I spent an afternoon writing a script that takes the wrong output and makes it right. It's ugly. It's a band-aid. It has seven workarounds that each begin with a comment explaining what upstream should have done differently. And it shipped on Friday.

Here's the part that will make you uncomfortable: six months later, my band-aid script is still running, still auditable, still does exactly what it says. Your "proper" solution is stuck in a merge conflict with a refactor that a new contributor pushed to the upstream repo you thought was stable.

I know this because I've been on both sides. I spent v1 doing the "proper" thing — forking four upstream tools, adding real platform support, building "real" fixes. It nearly killed my project. v3 is the recovery: stop fixing the tools. Fix what they produce. The band-aid is the strategy.

The Lie That Works

I'm porting ROS 2 Jazzy to openEuler 24.03 LTS. The ROS build toolchain — bloom, rosdep, rospkg, rosdistro — does not recognize openEuler. It will not generate packages for it. If you ask bloom to build an RPM, it asks the OS detector what system you're on, gets "openEuler," and gives up.

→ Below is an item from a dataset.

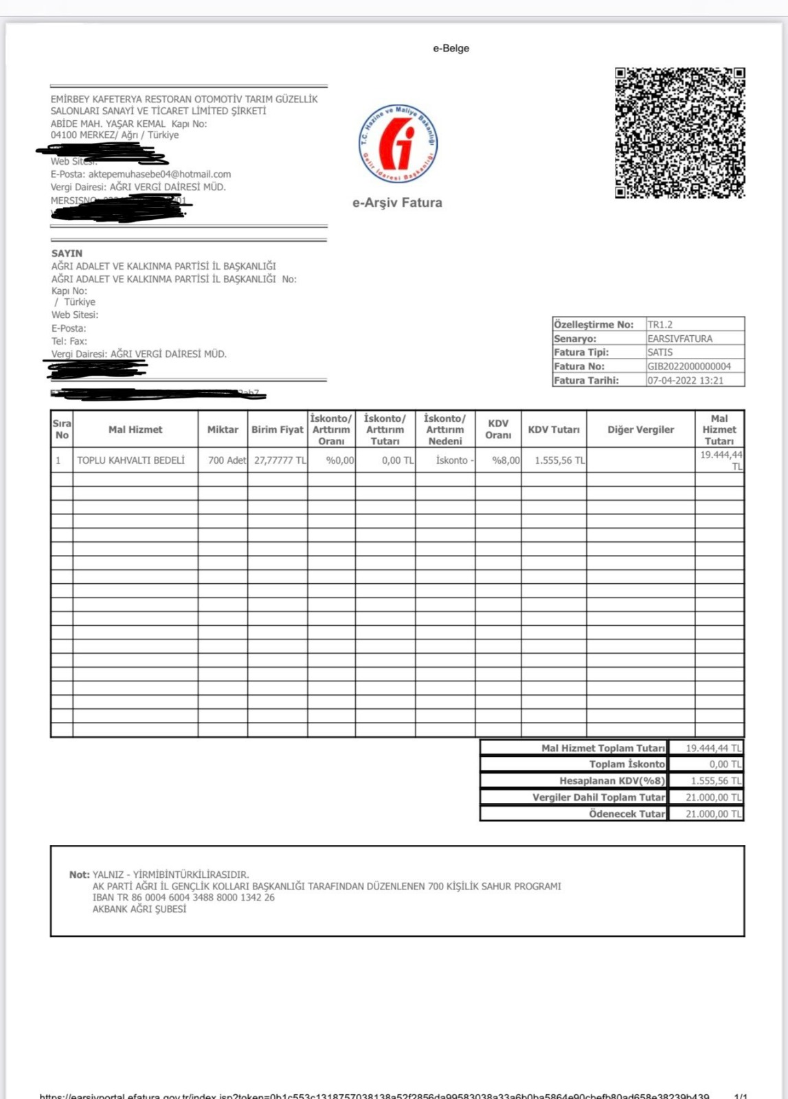 Sayan, 700 kişilik sahur etkinliği için bin 555 lira 54 kuruş KDV ve hizmet bedeli olarak 19 bin 444 lira 44 kuruş ödendiğini söyleyerek, sahurun faturasını gösterdi. Ancak AKP Gençlik Kolları Başkanı Eyyüp Kadir İnan, çeşitli şehirlerden paylaştığı sahur fotoğraflarında Ağrı'daki etkinliğin 1500 öğrenciyle gerçekleştirildiğini yazmıştı.

v1's answer: fork the OS detector, add an OpenEuler(OsDetector) class, register it as an RHEL clone, maintain four forked repositories. Noble. Principled. And structurally suicidal — any pip install could overwrite my forks with the official versions, silently killing the pipeline. (I wrote an entire article about this.)

v3's answer: one line.

export ROS_OS_OVERRIDE=rhel:9

That's it. I'm telling bloom "you're running on RHEL 9." Bloom believes me. It generates RHEL 9 specs. The specs are wrong for openEuler — wrong install paths, wrong dependency names, wrong macros — but bloom runs. It produces output. And output can be fixed.

Is this a lie? Yes. ROS_OS_OVERRIDE is a documented ROS feature, but it was designed for cross-compilation environments, not for making an unsupported OS masquerade as a supported one. I'm using it for something the ROS maintainers probably didn't intend.

And it works better than the "honest" approach of teaching the toolchain what openEuler actually is.

The Fix-the-Output Architecture

Here's the entire system:

  Source Code           Official bloom              My one script
  (ros2.repos)    --->  (unmodified,          --->  (fix_specs.py)    --->  EulerMaker
                         thinks it's RHEL 9)         7 fixes, 1 file         (builds RPMs)

That's three arrows. The middle box is someone else's maintained software. The only code I own is the thing on the right.

Compare to v1:

  Source Code     --->  Forked bloom          --->  Forked rosdep     --->  Forked rosdistro
  (973 packages,        Forked rospkg               (YAML data,             (more YAML data,
   scraped from          (Python code,               rots silently)           rots silently)
   sitemap)              breaks on pip)

                        ^--- I own ALL of this. Every upstream update is my problem. ---^

v1 owned the entire middle of the pipeline. v3 owns a single post-processing script. When upstream ships an update, v1 has to re-patch four repositories. v3 runs pip install --upgrade bloom rosdep and then checks if fix_specs.py still produces correct output. Usually it does. The fixes are against output format, which changes slowly, not against internal implementation, which changes whenever a maintainer feels like refactoring.

The structural difference: v1 is coupled to upstream's internals. v3 is coupled to upstream's outputs. Outputs are a contract. Internals are not.

The Seven Band-Aids

Here they are. Every single one. I'm not going to dress them up:

#	What It Does	Why
1	Adds `%bcond_without tests`	Tests don't pass on openEuler yet. Disable them to unblock the initial build.
2	Adds `%global debug_package %{nil}`	Debug packages cause build failures. Not worth debugging until the main build works.
3	Normalizes `Name:` to `ros-jazzy-<pkg>`	Bloom generates inconsistent package names. EulerMaker rejects them.
4	Fixes `Source0:` path	Bloom's tarball naming doesn't match openEuler conventions.
5	Rewrites install prefix to `/opt/ros/jazzy`	Bloom installs to `/usr`. openEuler ROS goes to `/opt/ros/jazzy`. Every CMake flag, every Python path, every `%files` glob needs rewriting.
6	Injects `PYTHONPATH` into `%build`/`%install`/`%check`	Without this, Python can't find ROS libraries during build. The build environment doesn't set up the path correctly.
7	Simplifies `%files` to `/opt/ros/jazzy`	Package everything under the ROS prefix. Bloom's generated `%files` section lists paths that don't exist on openEuler.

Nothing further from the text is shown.